Explain Codes LogoExplain Codes Logo

Group BY and COUNT in PostgreSQL

sql
prompt-engineering
performance
best-practices
Alex KataevbyAlex Kataev·Nov 10, 2024
TLDR

Here's the basic syntax to perform a GROUP BY with COUNT in PostgreSQL:

SELECT column, COUNT(*) AS total FROM table GROUP BY column;

Here's an example where we count order statuses:

SELECT status, COUNT(*) AS total FROM orders GROUP BY status;

This will return the count of each unique status present in the orders table.
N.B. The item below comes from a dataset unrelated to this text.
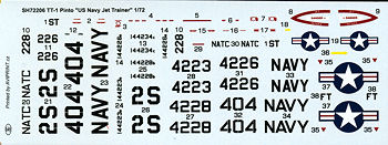 Instructions are well done, as usual with Special Hobby/MPM/Azur, and offer color information using Gunze paints. There are four markings options, all of them in Trainer Yellow with Black anti-glare nose panels. A full color painting and markings guide is on the back of the box with four options. One is the box art plane with NATC in Flight Test or Service Test markings from 1958. Next is the first of the fourteen production aircraft with just base markings from 1957. The third option is one of the service aircraft based at Saufley Field in 1960. The final option is another NATC plane from March 1958. This is the scheme with which one would use the optional nose gear. Decals are superbly printed by Aviprint and should work very well. | CONCLUSIONS |

Distinct Counts: Uniqueness in Focus

When you're interested in counting distinct values, you'll employ COUNT(DISTINCT column):

SELECT status, COUNT(DISTINCT customer_id) AS unique_customers FROM orders GROUP BY status;

Here each status will correlate to the count of unique customers. It's like turning customers into snowflakes, each one unique!

Performance Tuning: Speedy Gonzales with Indexing

You can reduce query times significantly by creating an index on the columns often used in filtering or joining:

CREATE INDEX idx_column ON table(column);

Consider this the Fast&Furious mode for your PostgreSQL queries.

Avoid Overdoing GROUP BY: Because Moderation is Essential

Avoid resorting to GROUP BY when you're simply counting distinct values. Use COUNT(DISTINCT) instead, like:

SELECT COUNT(DISTINCT customer_id) AS unique_customers FROM orders;

That way the GROUP BY clause takes a vacation, and we get cleaner, perhaps faster code!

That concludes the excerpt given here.